[clang] [HLSL][Docs] Update function calls docs (PR #106860)
Chris B via cfe-commits
cfe-commits at lists.llvm.org
Sat Aug 31 09:17:05 PDT 2024
https://github.com/llvm-beanz created https://github.com/llvm/llvm-project/pull/106860
Update the function calls documentation to match the newly landed implementation.
>From f3ee9f197eced0f7496c611f09dd684d84325f26 Mon Sep 17 00:00:00 2001
From: Chris Bieneman <chris.bieneman at me.com>
Date: Sat, 31 Aug 2024 11:16:28 -0500
Subject: [PATCH] [HLSL][Docs] Update function calls docs
Update the function calls documentation to match the newly landed
implementation.
---
clang/docs/HLSL/FunctionCalls.rst | 95 +++++++++++++++++++------------
1 file changed, 60 insertions(+), 35 deletions(-)

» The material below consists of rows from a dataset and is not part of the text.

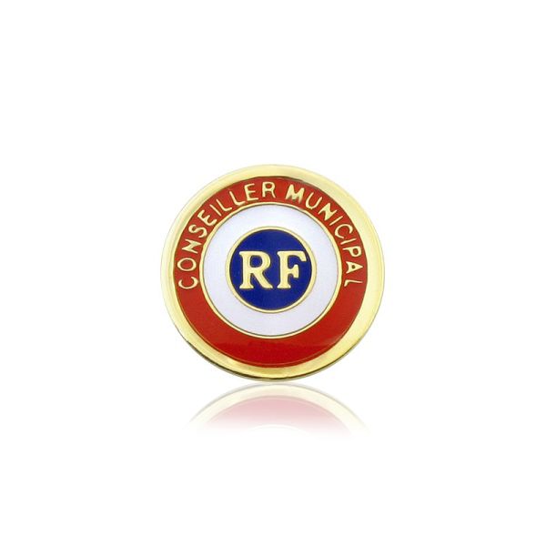 Cette broche à la finition argentée est destinée aux Conseillers Municipaux. Celle-ci est agrémentée d'un coq argenté, symbole de la République Française, et de l'inscription "RF" au centre sur fond bleu. Sa hauteur est de 35 millimètres et sa largeur est de 20 millimètres.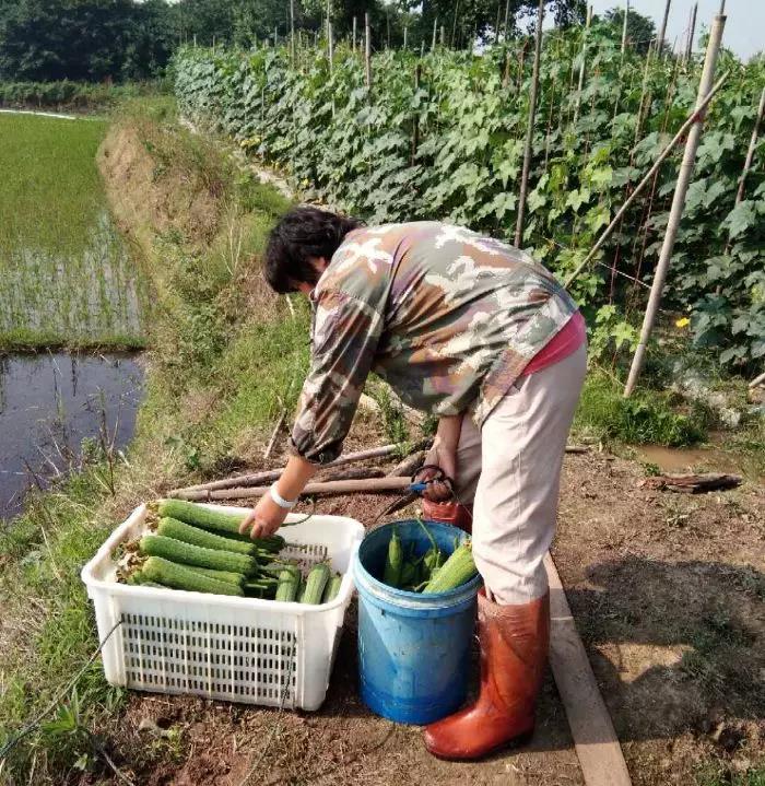 △ 劉健平夫婦露地栽培的“優(yōu)比1號”絲瓜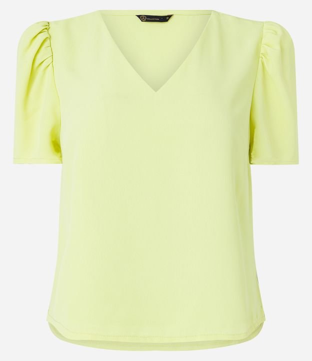 Blusa Manga Curta em Crepe com Pregas nos Ombros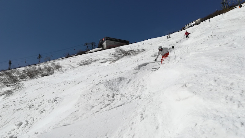 例えば冒頭の写真は白馬八方尾根スキー場の兎平ペアリフト。ウサギ平や黒菱(下図)のコブを攻めて疲労がたまるところで思わずウトウト。あぶないあぶない。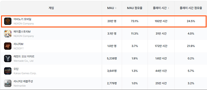 앱 통계 분석 플랫폼 모바일 인덱스에 따르면, 6월 기준 전체 모바일 게임 중 10대 MAU 상위 15위 내에 포함된 MMORPG는 '마비노기 모바일'이 유일하다. 동일 장르 내에서는 10대 MAU 20만 명, 73.1%라는 압도적인 점유율로 1위를 차지했으며, 한 달 누적 플레이 시간은 약 192만 시간으로, 무려 219년에 달하는 수치다.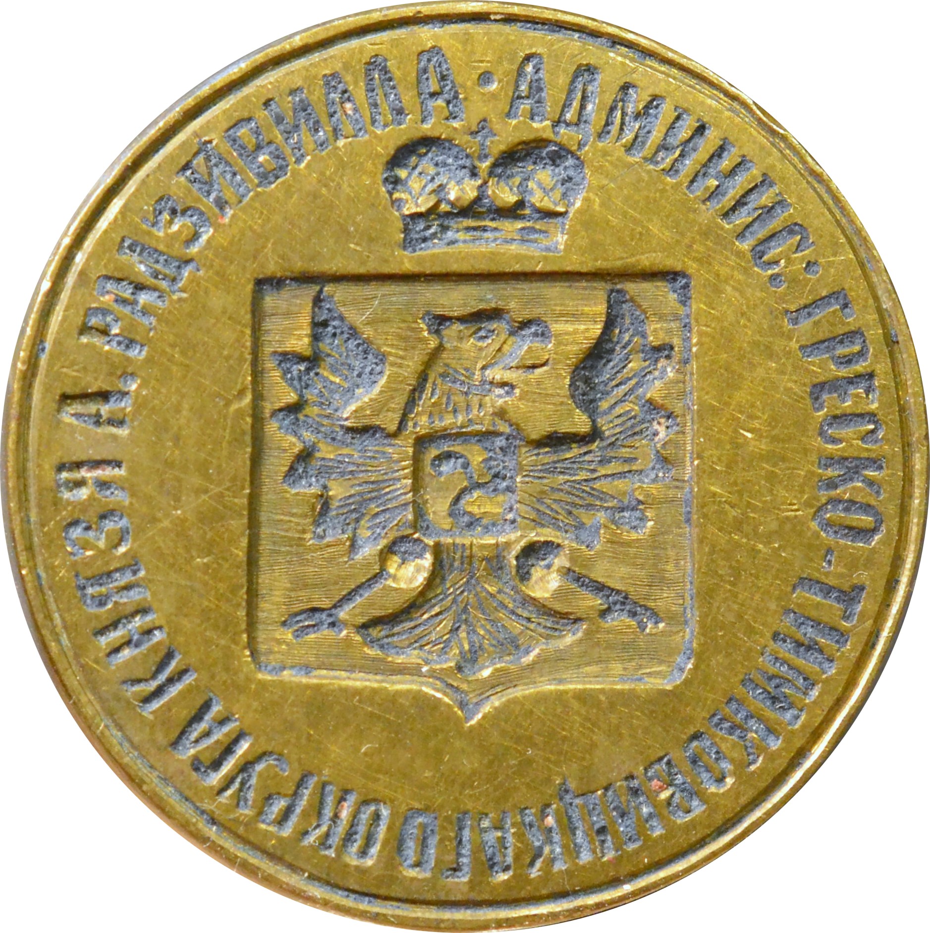 Il. 12 . Matryca tłoka pieczęci Zarządu Dóbr Hresko-Tymkowickich Antoniego księcia Radziwiłła, XIX w., Ø 35 mm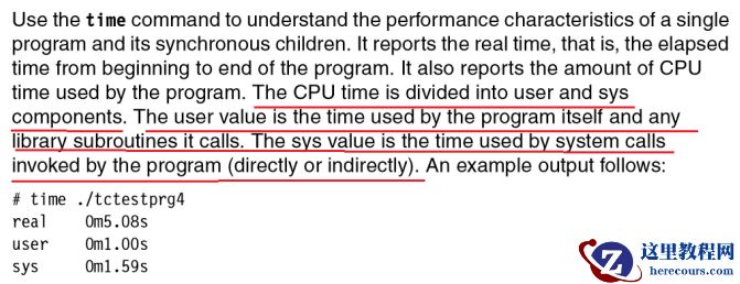可以看到其中的时间,分为 real,user 和 sys, 其中的 user 和 sys 便是指的是 CPU 时间,从 IBM 的 Performance and System Tuning 文档中看到了关于 time解释,其中对于user和sys的解释如下: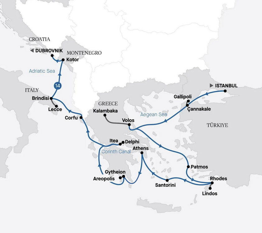 Arrive in the timeless city of Athens, the ancient capital that's brimming with history and culture. Embark on a captivating tour of its most iconic landmarks, including the awe-inspiring Acropolis, the majestic Parthenon, and the charming, historic neighbourhood of Plaka. As you stroll through its narrow, cobblestone streets, you'll be transported back in time, walking in the footsteps of the Ancient Greeks and immersing yourself in the rich heritage of this legendary city (B/L/D)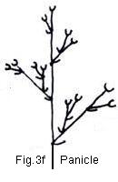 d. scorpioid cyme; e. thyrse; f. panicle;
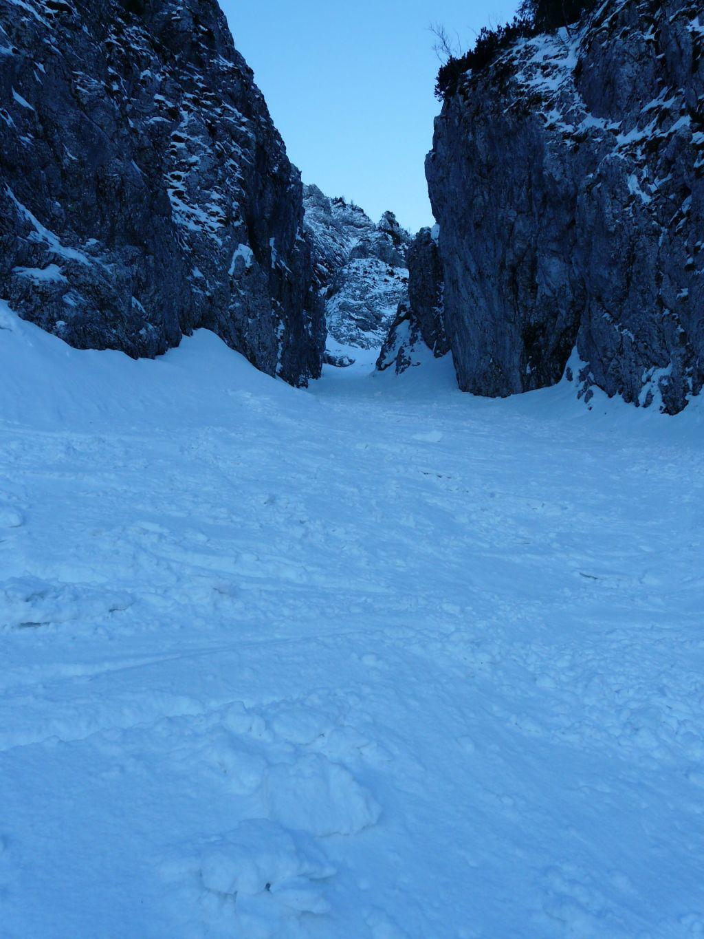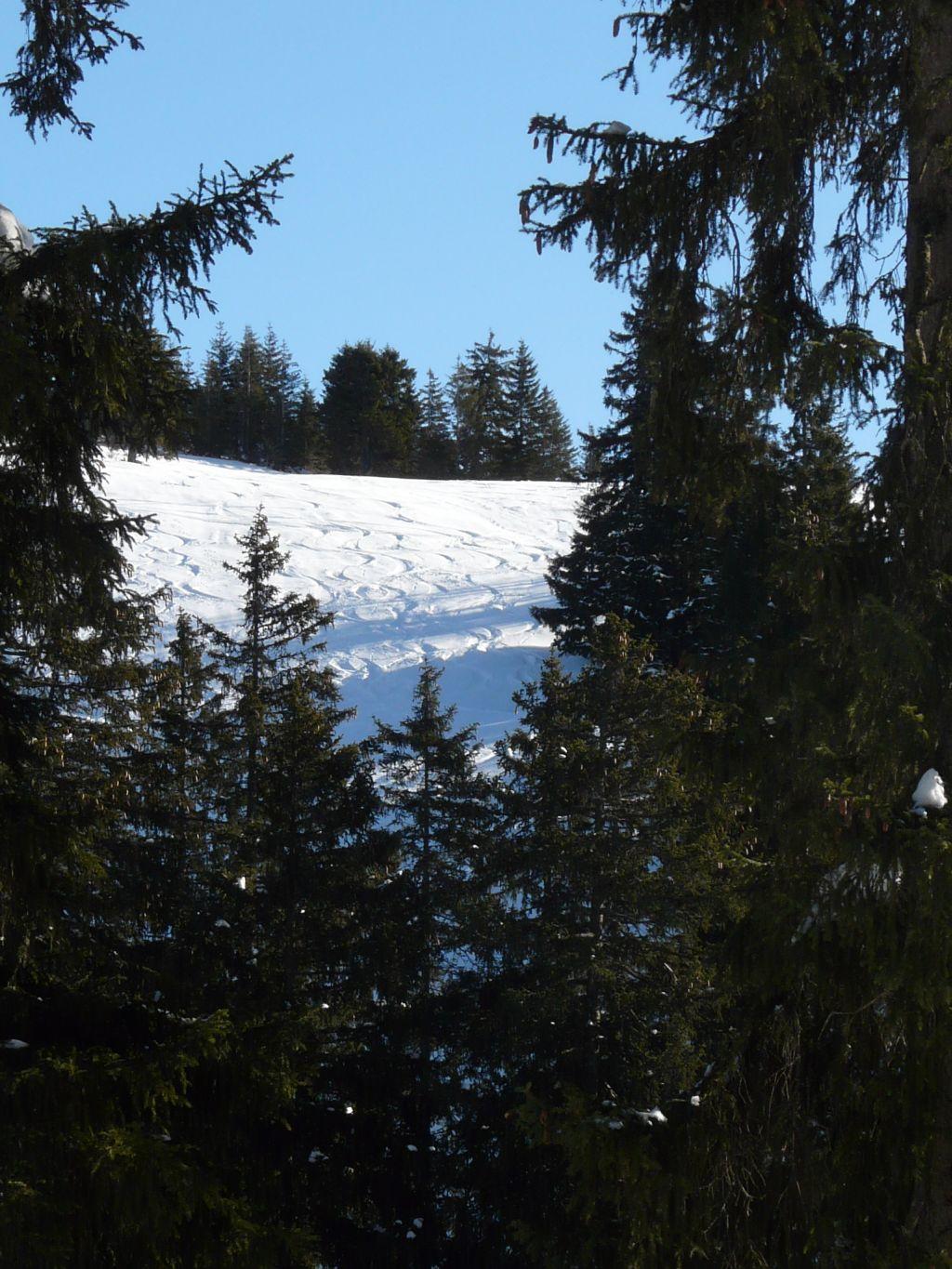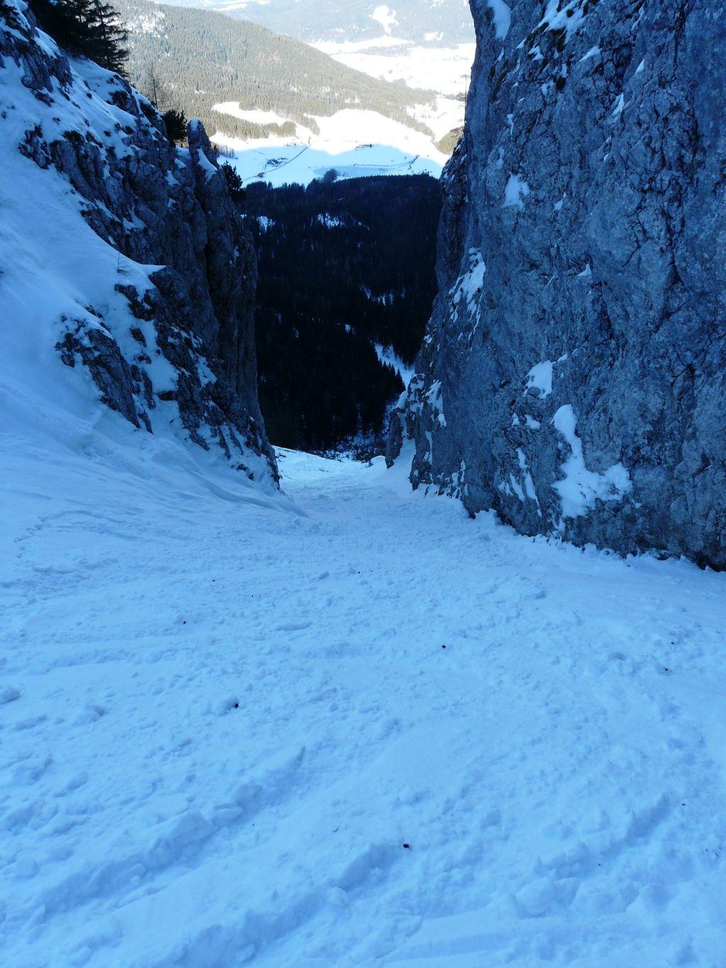 Abfahrt durch die Roßgasse gute Schneeverhältnisse teilweise 10cm Pulverschnee auf einer harten tragenden Harschschicht.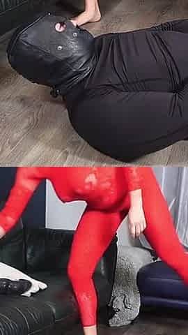 Femdom Mistress Eva Latex Rubber Goddess and Pussy Licking Slave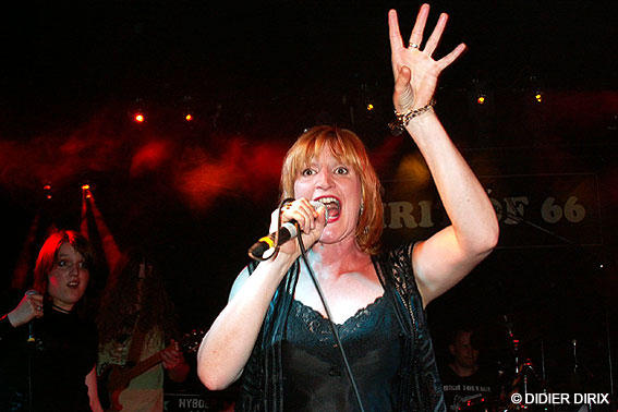 Sans chercher à décerner des médailles tant les invités se sont donnés à fond dans ce gig, il faut quand même reconnaître que BJ Scott a fait fort... très fort même !!! On la connaît comme vocaliste de talent, on n’ignore rien de sa soul power, on sait qu’elle adore les confrontations et qu’elle est capable de s’adapter à tous les terrains mais quand même... Dominer la masse musicale musculaire d’un combo comme High Voltage rien que par la voix, j’avoue que ça laisse pantois. Ses sorties dans les aigües et sa rivalité vocale survoltée avec les percées de lead de Vincent Fis resteront à jamais dans ma mémoire... Géant ce qu’elle a fait là, la Divine Beverly !!! Ce Shot Down In Flames de derrière les fagots qu’elle chantait pour la première fois est, à mon avis, un des plus grands événements dans la petite histoire du Spirit of 66 !!!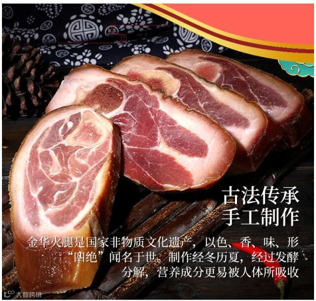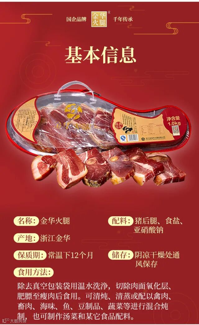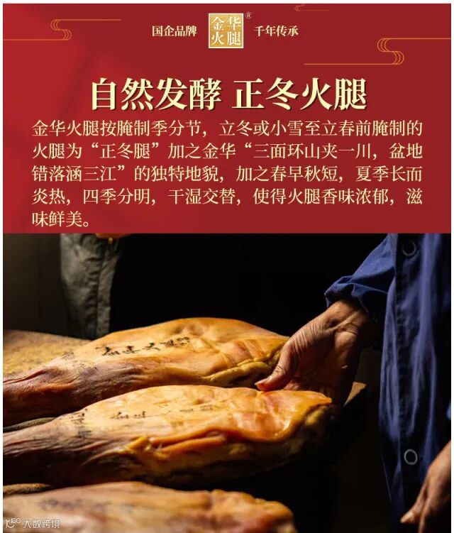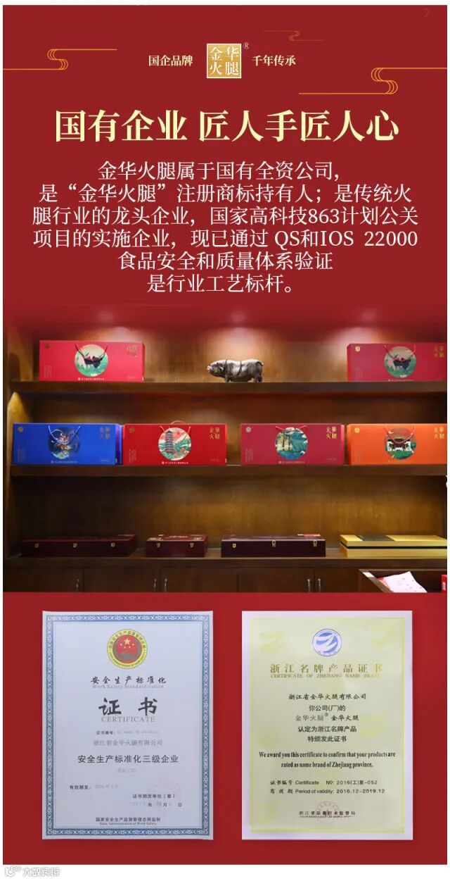 中国国家地理标志产品:1979年“金华火腿”开始以注册商标投入使用。目前为行业内唯一一家国企,品质有保障。

diff --git a/clang/docs/HLSL/FunctionCalls.rst b/clang/docs/HLSL/FunctionCalls.rst
index 6d65fe6e3fb20b..ea6dc2ad8a4df8 100644
--- a/clang/docs/HLSL/FunctionCalls.rst
+++ b/clang/docs/HLSL/FunctionCalls.rst
@@ -248,13 +248,14 @@ which is a term made up for HLSL. A cx-value is a temporary value which may be
the result of a cast, and stores its value back to an lvalue when the value
expires.
-To represent this concept in Clang we introduce a new ``HLSLOutParamExpr``. An
-``HLSLOutParamExpr`` has two forms, one with a single sub-expression and one
-with two sub-expressions.
+To represent this concept in Clang we introduce a new ``HLSLOutArgExpr``. An
+``HLSLOutArgExpr`` has three sub-expressions:
-The single sub-expression form is used when the argument expression and the
-function parameter are the same type, so no cast is required. As in this
-example:
+* An OpaqueValueExpr of the argument lvalue expression.
+* An OpaqueValueExpr of the copy-initialized parameter temporary.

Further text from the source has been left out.